If both the cameras and the scene are correspondingly scaled, the change will not be discernible in the captured images. That's why the scale factor is unknown in SfM. To obtain it, some physical measurement of the scene or the camera motion is typically needed.

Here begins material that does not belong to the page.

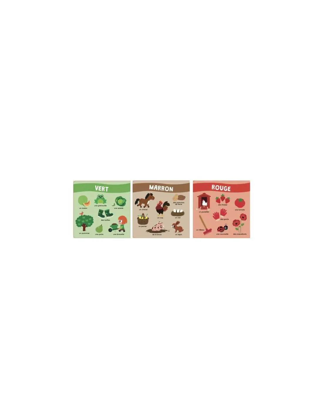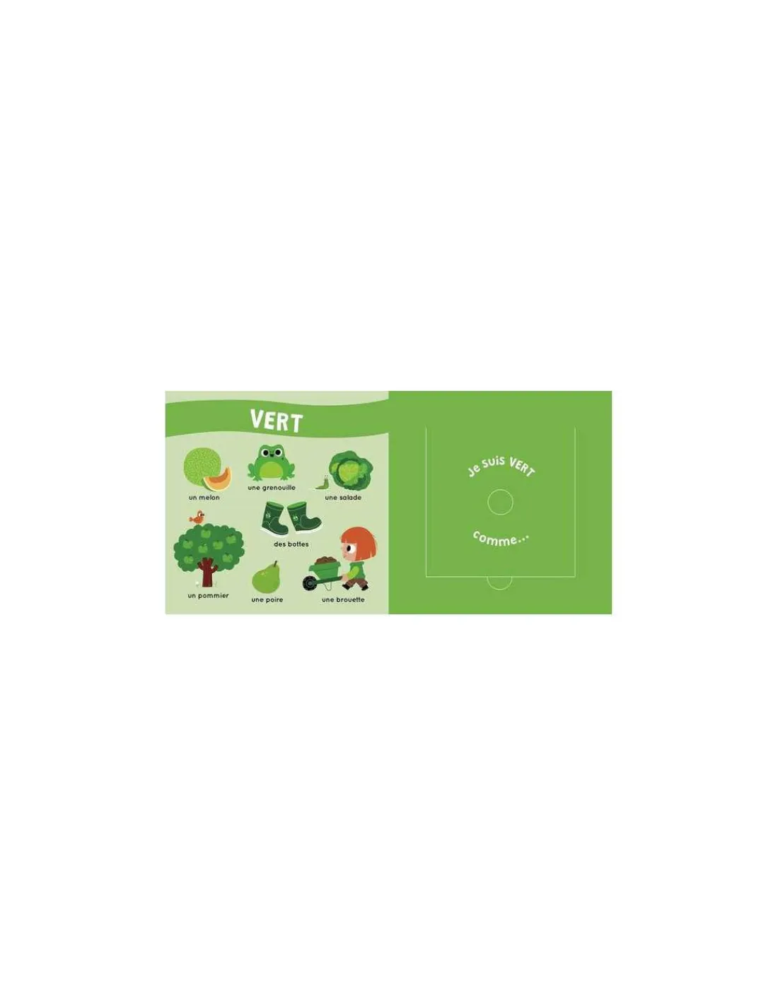Chaque page de gauche présente une couleur grâce à de jolies illustrations simples et enfantines, mais que se cache-t-il derrière le rabat? En frottant son doigt, l’enfant y découvrira l’odeur de la ferme de la couleur de la page. 7 parfums du jardin: le lait, la pomme, le concombre, les champignons, le miel, les oignons et la mare.

If you're not convinced, simply do the math:
Let (P1 p1)
and (P2 p2)
be the 3x4 projection matrices of two cameras 1 and 2 (P1
is a 3x3 matrix and p1
a column vector), M
a point in the scene, and m1
and m2
the respective projections of M
in cameras 1 and 2. We have (~=
means "is proportional to", because of the perspective division):
m1 ~= P1 M + p1
m2 ~= P2 M + p2
Introducing the camera centers C1 = -P1^-1 p1
, C2 = -P2^-1 p2
and the translation T = C2 - C1
between the cameras, this can be written:
m1 ~= P1 (M - C1)
m2 ~= P2 (M - C2) = P2 (M - (C1 + T))
Now scale the whole scene by a factor of s
and translate its origin it by o
: M' = s M + o
. Introduce two cameras 1' and 2', that are versions of 1 and 2 with the inverse scaling factor, i.e. P1' = 1/s P1
and P2' = 1/s P2
. Scale and offset their centers C1' = s C1 + o
and C2' = s (C1 + T) + o
. The relative translation between the two cameras is now: C2' - C1' = s T
. The projections of M'
in 1' and 2' are:
m1' ~= P1' (M' - C1') = 1/s P1 (s M + o - s C1 - o) = P1 (M - C1)
~= m1
m2' ~= P2' (M' - C2') = 1/s P2 (s M + o - s (C1 + T) - o) = P2 (M - C2)
~= m2
So in the end, you get the same projections (your input in an SfM problem) with a scene that has a different scale and origin and correspondingly scaled and translated cameras. This can be generalized to more than two cameras.